To foster diversity, Tuskegee University College of Veterinary Medicine (TUCVM) will fund a Tuskegee veterinary graduate to train as a resident in a clinical area of need at the Auburn University College of Veterinary Medicine (CVM). That graduate will then return to Tuskegee as a board-certified specialist and faculty member.

"Auburn CVM enjoys a strong collaborative relationship with the TUCVM in many areas, including joint engagement in student activities, sharing of faculty expertise and collegial interactions between our teaching hospitals,” Auburn CVM Dean Calvin M. Johnson, DVM, PhD, DACVP, said.

According to Dr. Johnson, the TUCVM graduate will study as a resident in radiology at Auburn’s Veterinary Teaching Hospital.

"Although veterinary medicine is still one of the most ethnically, racially, and culturally homogenous professions in the country,” TUCVM Dean Ruby L. Perry, DVM, said, “this initiative is another way to make a difference and help achieve the goal of addressing diversity and emphasize that diversity matters in the veterinary profession.”
 

Association of American Veterinary Medical Colleges (AAVMC)

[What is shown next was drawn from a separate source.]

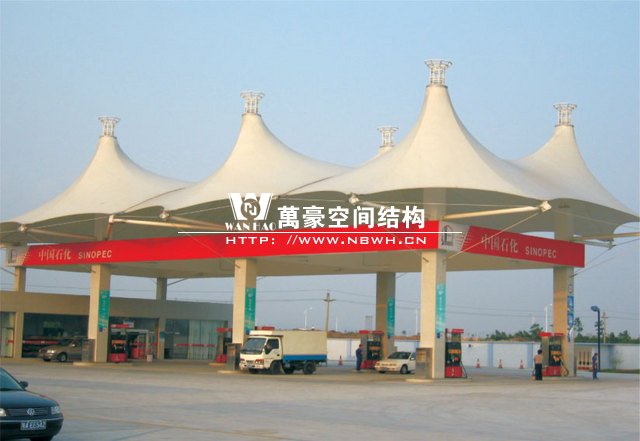 膜結構建筑因其獨特的藝術性,優(yōu)美的造型,濃郁的現(xiàn)代氣息,被廣泛運用到建筑領域的各種設施。加油站膜結構運用在加油站頂蓬上是再合理不過的選擇,因為加油站的頂篷是公路或地區(qū)設置名稱標牌的主要位置,是公路或地區(qū)的重要標志;大跨度的膜結構在這種場合下的運用,能充分體現(xiàn)膜結構的主要特點,并有較好的標識招攬效果。為相關的道路或區(qū)域起到畫龍點睛的作用。

The AAVMC has chosen 3 veterinary colleges to participate in their new pilot program, which is focused on developing holistic admissions programs for veterinary colleges.

The University of Florida CVM, the University of Missouri CVM and the North Carolina State University CVM will spend the next 12 to 18 months creating programs that foster greater diversity and inclusion among new students.

“We will be supporting these colleges as they pursue admissions reviews that are flexible, consider the applicants' capabilities, provide balanced consideration to academic performance, life experience, and attributes, and assess how the applicants will contribute to the learning environment and the veterinary profession,” Lisa Greenhill, MPA, EdD, senior executive director for institutional research and diversity at the AAVMC and leader of the pilot program, said.

Each school was chosen on 3 key components:
  1. A clear commitment to pursue more holistic admissions practices and create greater diversity and inclusion in their college climate.
  2. A demonstrated willingness to examine their admissions program to find areas where applicants can be looked at more holistically.
  3. A sincere desire to pursue change.

“Our graduates need to deliver veterinary care and veterinary science throughout the country and the world,” North Carolina State University CVM Dean Paul Lunn, BVSc, MS, PhD, MRCVS, DACVIM, said, “and our chances of doing that are far greater if we can build diversity of our profession.”